Saturday, 26 November 2011

look who's talking NOW - by Theo

"All gone! Finished! NOW."
"Mama viene. NOW."
"Mas leche. NOW."
"Carry cuddle! NOW."
"Daddy up! NOW."
"Mas pan! NOW."

Rosie is rather imperative. It's unsurprising as regardless of the language most of the sentences we model for her are imperatives - "come here", "pon lo aqui", "hold my hand". So naturally as she begins to string sentences together from individual words, they are often orders, made with a sense of impatience and awareness that others may not have the same priorities that she clearly gets from her father.
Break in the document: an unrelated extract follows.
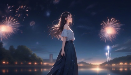 ((extremely detailed CG unity 8k wallpaper)),(masterpiece), (best quality), (ultra-detailed), (best illustration),(best shadow), (an extremely delicate and beautiful), ((((1girl)))), dynamic angle, floating, finely detail, (bloom), (shine), glinting stars, ((((best detailed fireworks)))), ((((depth of field)))), (((hanabi))), Beautiful detailed girl, (((backlight))), extremely delicate and beautiful girls, ((summer long skirt)), (((solo))), best detailed hair, ((beautiful detailed water)), night sky, (((small breast))), beautiful detailed sky, beautiful detailed eyes, (((arms behind back))), long hair, (((dynamic angle))), long skirt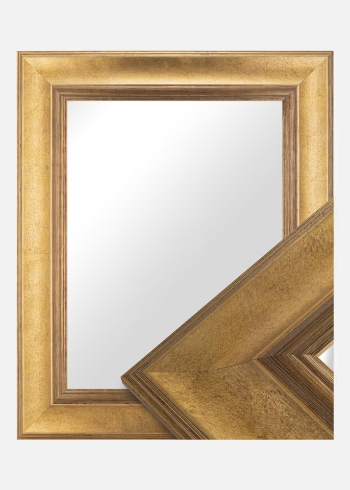 A keret fenyőből készült, és gyönyörű sötét arany tónussal rendelkezik, amely luxus és elegancia érzetét kelti. A kefélt felületen finom árnyalatok találhatók, amelyek enyhén patinás hatást keltenek, ami időtlen bájt kölcsönöz a tükörnek. A szélek mentén húzódó vékony vonalak hozzájárulnak a kifinomult részletgazdagsághoz, amely kiemeli a tükröt.

She does descriptions as well, often related to clothing ("slippers off", "lleva gafas", "Rosie tired/cansada") and even has a few anecdotes that, with prompting from Kate, she can recount. One goes like this:

Kate: Rudy (a fellow toddler) tried to cuddle you.
Rosie: Mummy say "No kick!"

It's all astoundingly endearing (she had the museum attendant enraptured by her ability to say "cardie on" at the M Shed) and totally fascinating the way Rosie is acquiring and structuring language. Naturally her English is far more developed than her Spanish; though I suspect this is in part due to the fact she is trying to use verb phrases which is far easier in English ("he/she" form aside, the present tense and imperative are the same) than in Spanish, with its multiple endings and irregularities. For example she has been experimenting with the verb "ser" (to be): sometimes she gets it right by saying (to Kate) "es Papa!" ("it's Dad!"). But when she tells me "soy Papa", that's the wrong form - it's what I would say to her: Rosie needs to say "eres Papa". OK, the English version of this (am/are/is) wouldn't be much easier, but most English verbs don't change so dramatically.